- **Data extracted from a collection**:
····················

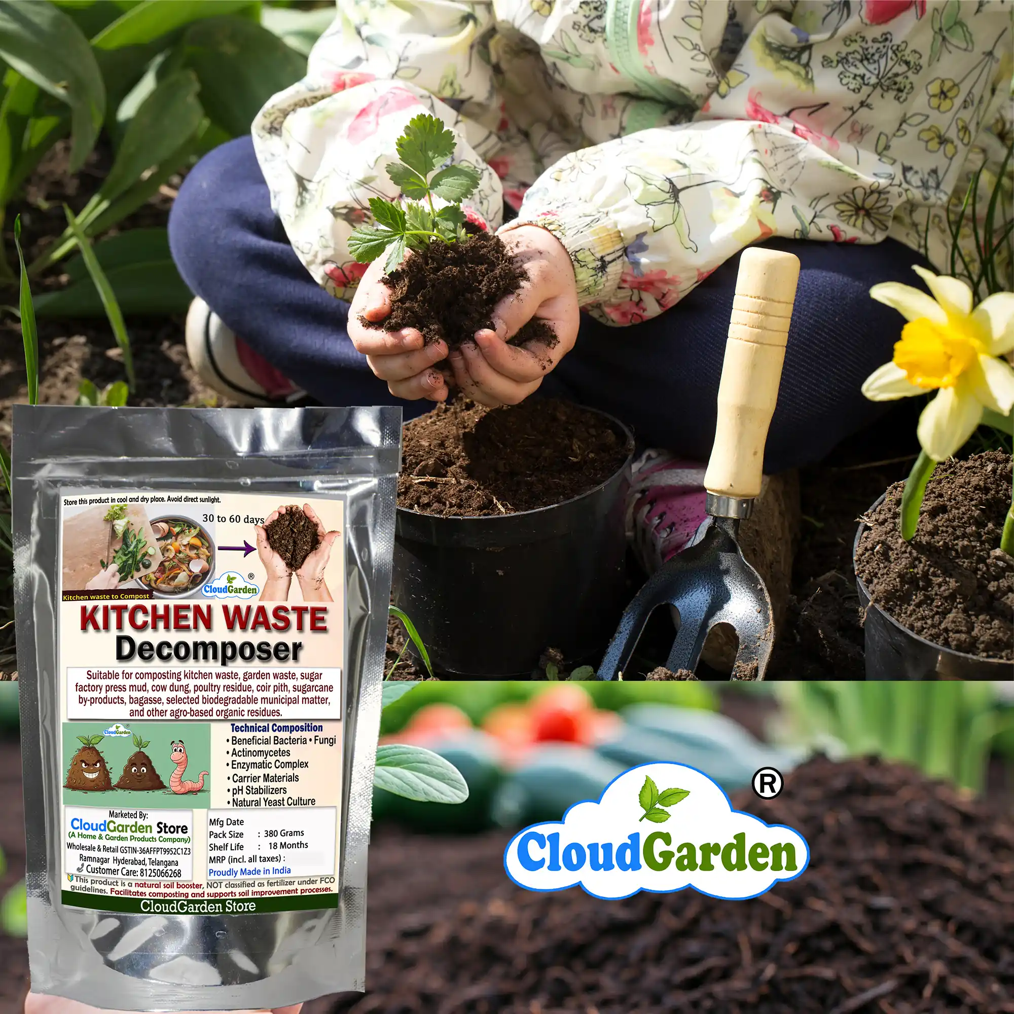 CloudGarden kitchen waste decomposer powder is a natural microbial culture designed to support composting of everyday food waste at home. It helps speed up the breakdown of kitchen waste and garden residues, making composting easier and more manageable for households.
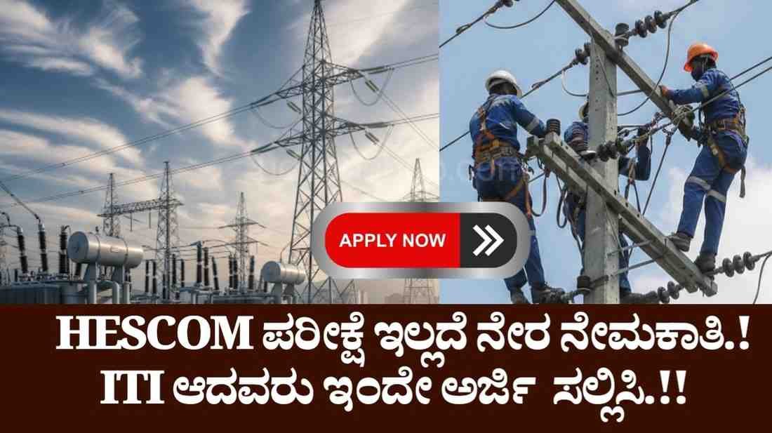 HESCOM 388 ಹುದ್ದೆಗಳ ಭರ್ಜರಿ ನೇಮಕಾತಿ.! ಯಾವುದೇ ಪರೀಕ್ಷೆ ಇಲ್ಲ ಇಂಟರ್ವ್ಯೂ ಇಲ್ಲ.! ITI ಪಾಸ್ ಆದವರು  ಈಗಲೇ ಅರ್ಜಿ ಸಲ್ಲಿಸಿ.!!
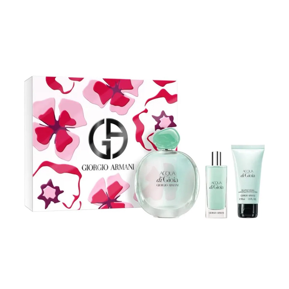 Odkryj świat świeżości i zmysłowej elegancji z zestawem Giorgio Armani Acqua di Gioia – ekskluzywną propozycją dla kobiet, które pragną podkreślić swoją energię, kobiecość i styl. Ten luksusowy zestaw prezentowy zawiera aż trzy produkty: pełnowymiarową wodę perfumowaną 100 ml, praktyczną wodę perfumowaną 15 ml idealną do torebki oraz nawilżający balsam do ciała 50 ml. Każdy element zestawu pozwala cieszyć się kultowym, orzeźwiającym zapachem Acqua di Gioia, który zachwyca swoją świeżością i trwałością.
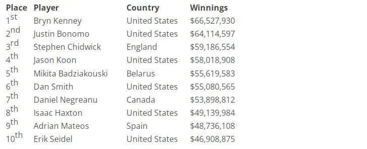 自从Bryn Kenney在2019年伦敦举行的Triton百万慈善赛上赢得扑克界最大的一笔奖金20,563,324美元后,他就在历史奖金榜上遥遥领先。从那时起,他与Justin Bonomo的对决就成了扑克锦标赛冠军之巅的主流话题。Bonomo和Kenney多年来一直占据着主导地位,但近年来,两人的距离越来越近,每一次备受瞩目的胜利都会让他们距离神奇的7000万美元大关更近一些。
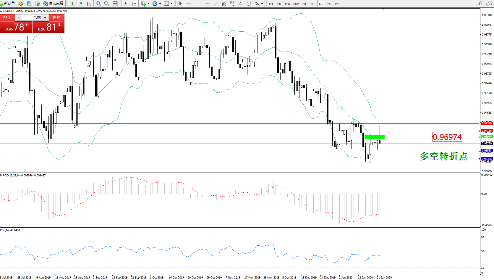 交易策略:0.96974下方看跌,目标0.96593、0.96366
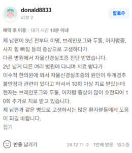 “2020년 이석증을 처음 겪고 이석치환술 후 남은 증상은 없었어요.” “한달전(2024년 9월) 이석증이 또 재발했어요. 이석치환술을 하고 힘든 증상은 사라졌는데 이번에는 이석이 다 들어간 느낌이 아니고…
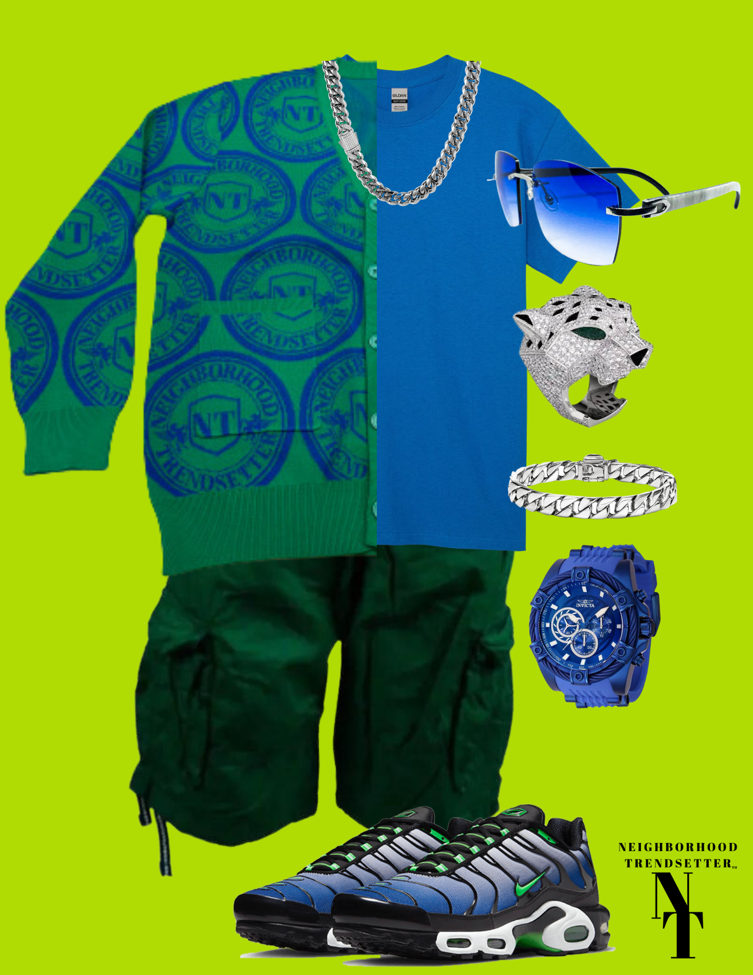 Just like last season only doper. This premium quality cardigan swester is just what your wardrobe needs to go to the next level! Kelly green background with royal blue logos through the design of the swester make this the perfect color combo for those who know how to put it on!
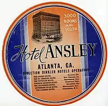 In 1952 the property was sold to the Dinkler hotel chain (once boasting "3000 Rooms in Southern Hotels") and was renamed the Dinkler Ansley,[4] and later in 1953 (40 years after its construction) renamed again to the Dinkler Plaza Hotel.[5] Hotel Ansley was the second downtown Atlanta hotel purchase for Dinkler Hotels (the first being the Kimball House (Atlanta) Hotel),[6] and it was here that the Dinkler corporate office was based.
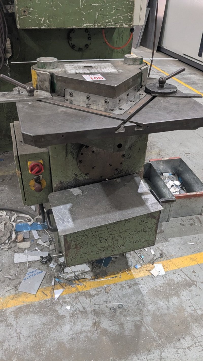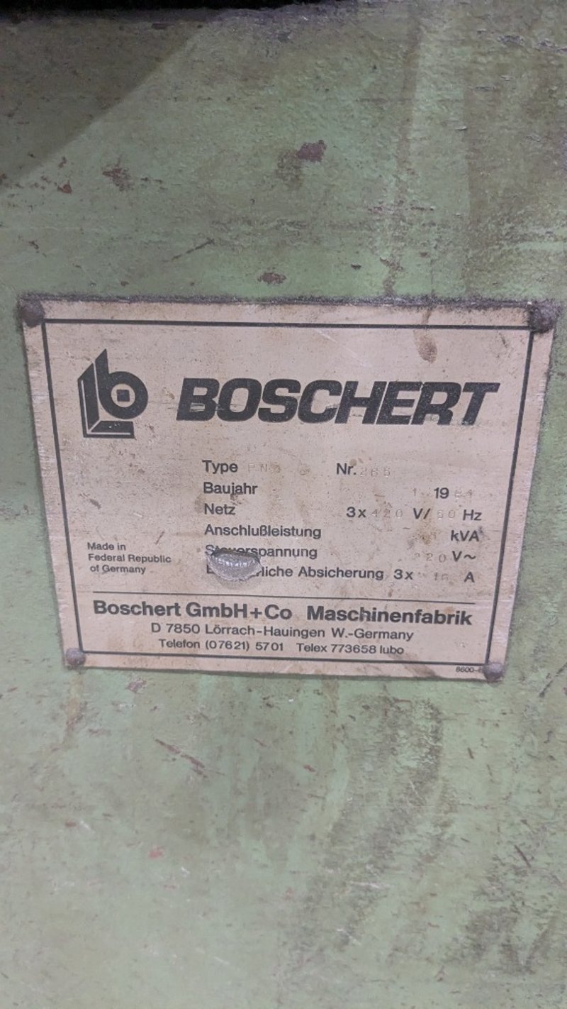 Boschert LB 12 K4 notching machineBrand: BoschertModel: LB 12 K4Description/Extras: 3 Phase, Catcher Box Dimensions: 710mm(W) x 1000mm(D) x 950mm(H)NOTE: INSPECTIONS HIGHLY RECOMMENDED, BUYER TO PROVIDE OWN LABOUR AND TOOLS FOR SAFE REMOVAL OF ASSET
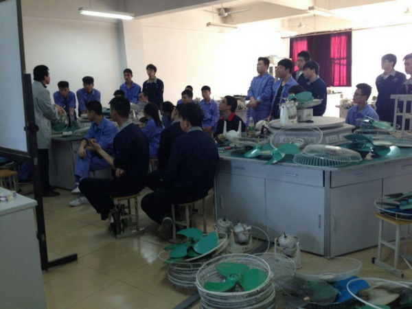 此次的维修任务主要由工业自动化系第二届兴趣小组的同学承担,在班主任张璇老师的组织分配和刘秀权老师的讲解指导下紧张有序的进行着。在维修过程中,同学们热情高涨,积极认真,通过对风扇的清洗、故障检查分析、拆装和维修调试,不仅了解了电动机的基本机构和工作原理,掌握了故障检修的方法和技巧,更真切的体会了学习带来的乐趣。看着一台台原本已经无法工作的废旧风扇顺利地工作起来,同学们满满的成就感,越干越起劲,下课都不愿意回去,直至全部任务的完成。
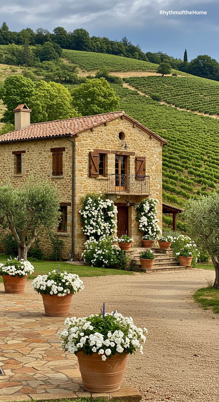 Nestled amidst the rolling green hills of a vineyard, this stone French home is a romantic haven. Its facade is dramatically flanked by two magnificent climbing bushes of pure white roses, their blooms cascading around the entrance. The warm stone construction and terracotta tile roof feel perfectly at home in this fertile landscape. Terracotta pots filled with more white flowers line the stone steps and patio, creating a cohesive and elegant floral theme. The driveway, composed of gravel and flagstone, leads the eye through this beautiful setting towards the promise of fine wine and serene living.
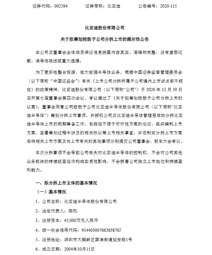 4.比亚迪:控股子公司比亚迪半导体筹划分拆上市
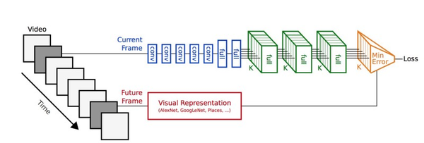 事实上,预测未来的帧是不必要的。我们愿意做的就是去预测下一帧的表征,就像 Carl Vondrick 做的一样。详见论文《Anticipating Visual Representations from Unlabeled Video》,链接:[1504.08023] Anticipating Visual Representations from Unlabeled Video。
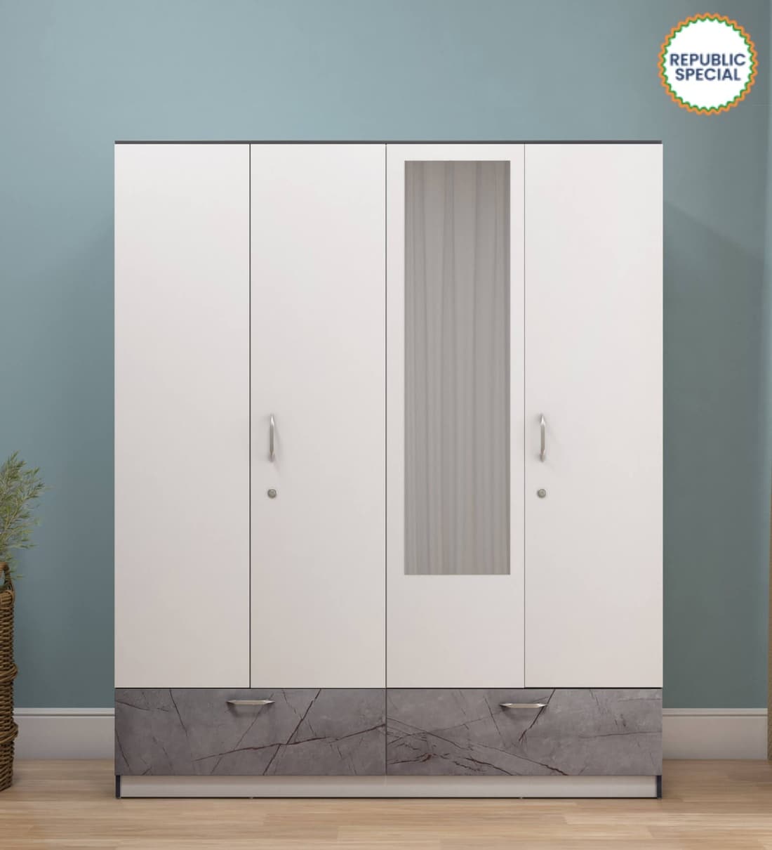 Marbito 4 Door Wardrobe in White Finish with Mirror
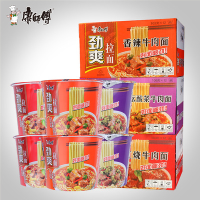 现货!康师傅劲爽方便面整箱12桶装香辣红烧老坛酸菜速食泡面批发 |

····················

- **Aim of the exercise**: Your task is to repeat the data above exactly while excluding the pictures.

- **Solution to the problem**:
 CloudGarden kitchen waste decomposer powder is a natural microbial culture designed to support composting of everyday food waste at home. It helps speed up the breakdown of kitchen waste and garden residues, making composting easier and more manageable for households.
 HESCOM 388 ಹುದ್ದೆಗಳ ಭರ್ಜರಿ ನೇಮಕಾತಿ.! ಯಾವುದೇ ಪರೀಕ್ಷೆ ಇಲ್ಲ ಇಂಟರ್ವ್ಯೂ ಇಲ್ಲ.! ITI ಪಾಸ್ ಆದವರು  ಈಗಲೇ ಅರ್ಜಿ ಸಲ್ಲಿಸಿ.!!
 Odkryj świat świeżości i zmysłowej elegancji z zestawem Giorgio Armani Acqua di Gioia – ekskluzywną propozycją dla kobiet, które pragną podkreślić swoją energię, kobiecość i styl. Ten luksusowy zestaw prezentowy zawiera aż trzy produkty: pełnowymiarową wodę perfumowaną 100 ml, praktyczną wodę perfumowaną 15 ml idealną do torebki oraz nawilżający balsam do ciała 50 ml. Każdy element zestawu pozwala cieszyć się kultowym, orzeźwiającym zapachem Acqua di Gioia, który zachwyca swoją świeżością i trwałością.
 自从Bryn Kenney在2019年伦敦举行的Triton百万慈善赛上赢得扑克界最大的一笔奖金20,563,324美元后,他就在历史奖金榜上遥遥领先。从那时起,他与Justin Bonomo的对决就成了扑克锦标赛冠军之巅的主流话题。Bonomo和Kenney多年来一直占据着主导地位,但近年来,两人的距离越来越近,每一次备受瞩目的胜利都会让他们距离神奇的7000万美元大关更近一些。
 交易策略:0.96974下方看跌,目标0.96593、0.96366
 “2020년 이석증을 처음 겪고 이석치환술 후 남은 증상은 없었어요.” “한달전(2024년 9월) 이석증이 또 재발했어요. 이석치환술을 하고 힘든 증상은 사라졌는데 이번에는 이석이 다 들어간 느낌이 아니고…
 Just like last season only doper. This premium quality cardigan swester is just what your wardrobe needs to go to the next level! Kelly green background with royal blue logos through the design of the swester make this the perfect color combo for those who know how to put it on!
 In 1952 the property was sold to the Dinkler hotel chain (once boasting "3000 Rooms in Southern Hotels") and was renamed the Dinkler Ansley,[4] and later in 1953 (40 years after its construction) renamed again to the Dinkler Plaza Hotel.[5] Hotel Ansley was the second downtown Atlanta hotel purchase for Dinkler Hotels (the first being the Kimball House (Atlanta) Hotel),[6] and it was here that the Dinkler corporate office was based.
 Boschert LB 12 K4 notching machineBrand: BoschertModel: LB 12 K4Description/Extras: 3 Phase, Catcher Box Dimensions: 710mm(W) x 1000mm(D) x 950mm(H)NOTE: INSPECTIONS HIGHLY RECOMMENDED, BUYER TO PROVIDE OWN LABOUR AND TOOLS FOR SAFE REMOVAL OF ASSET
 此次的维修任务主要由工业自动化系第二届兴趣小组的同学承担,在班主任张璇老师的组织分配和刘秀权老师的讲解指导下紧张有序的进行着。在维修过程中,同学们热情高涨,积极认真,通过对风扇的清洗、故障检查分析、拆装和维修调试,不仅了解了电动机的基本机构和工作原理,掌握了故障检修的方法和技巧,更真切的体会了学习带来的乐趣。看着一台台原本已经无法工作的废旧风扇顺利地工作起来,同学们满满的成就感,越干越起劲,下课都不愿意回去,直至全部任务的完成。
 Nestled amidst the rolling green hills of a vineyard, this stone French home is a romantic haven. Its facade is dramatically flanked by two magnificent climbing bushes of pure white roses, their blooms cascading around the entrance. The warm stone construction and terracotta tile roof feel perfectly at home in this fertile landscape. Terracotta pots filled with more white flowers line the stone steps and patio, creating a cohesive and elegant floral theme. The driveway, composed of gravel and flagstone, leads the eye through this beautiful setting towards the promise of fine wine and serene living.
 4.比亚迪:控股子公司比亚迪半导体筹划分拆上市
 事实上,预测未来的帧是不必要的。我们愿意做的就是去预测下一帧的表征,就像 Carl Vondrick 做的一样。详见论文《Anticipating Visual Representations from Unlabeled Video》,链接:[1504.08023] Anticipating Visual Representations from Unlabeled Video。
 Marbito 4 Door Wardrobe in White Finish with Mirror
 现货!康师傅劲爽方便面整箱12桶装香辣红烧老坛酸菜速食泡面批发 |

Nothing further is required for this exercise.